Sin embargo, a nadie escapa que los reales intereses paraguayos están en sus relaciones económicas y fronterizas con Brasil, Argentina y Bolivia, países que ahora se encuentran en las antípodas de la definición ideológica paraguaya hacia la derecha, el área del Pacífico y los intereses norteamericanos en la región.

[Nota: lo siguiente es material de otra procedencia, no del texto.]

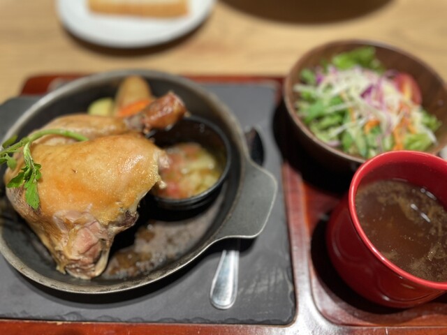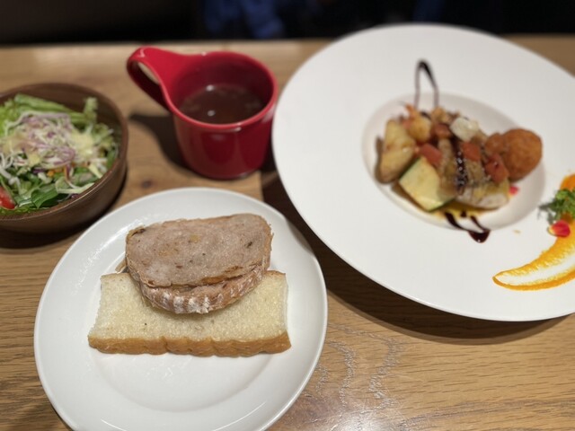 前から来たかったこちら、たまたま用事があって寄りました。 おひとり様なのに4人掛けの豪華な皮のソファ席に案内していただき恐縮。 とは言え17:00前、グランドメニューはやってるけどお腹空いてない…。 で控えめに、サラダとタパス一品、白ワインをいただきましたが、控えといて良かったです❗️ ... 詳細を見る

El presidente electo Cartes reconoce claramente que sin un trato de igual a igual con los vecinos, y con un relacionamiento capaz de superar las actuales trabas políticas que evitan llegar a acuerdos favorables en materia económica, comercial y energética, su Gobierno tendrá severos inconvenientes para mejorar el desempeño económico con miras a superar los altos niveles de pobreza que todavía subsisten en el país.
Para realizar estas urgentes tareas con los vecinos, no existe otro camino que el reingreso al Mercosur y la Unasur, solucionando de paso el problema del reconocimiento de la entrada de Venezuela al bloque regional mercosuriano a través de la aprobación en el Senado paraguayo.
En aras de estos logros políticos y económicos, Horacio tendrá que demostrar sus verdaderos quilates de estadista como líder del mayor partido político del Paraguay. Deberá aprovechar para ello el ingente caudal de adhesión ciudadana que supo reunir, lo que le dota de una gran legitimidad para decidir el mejor camino para el Paraguay en las relaciones con sus vecinos sudamericanos.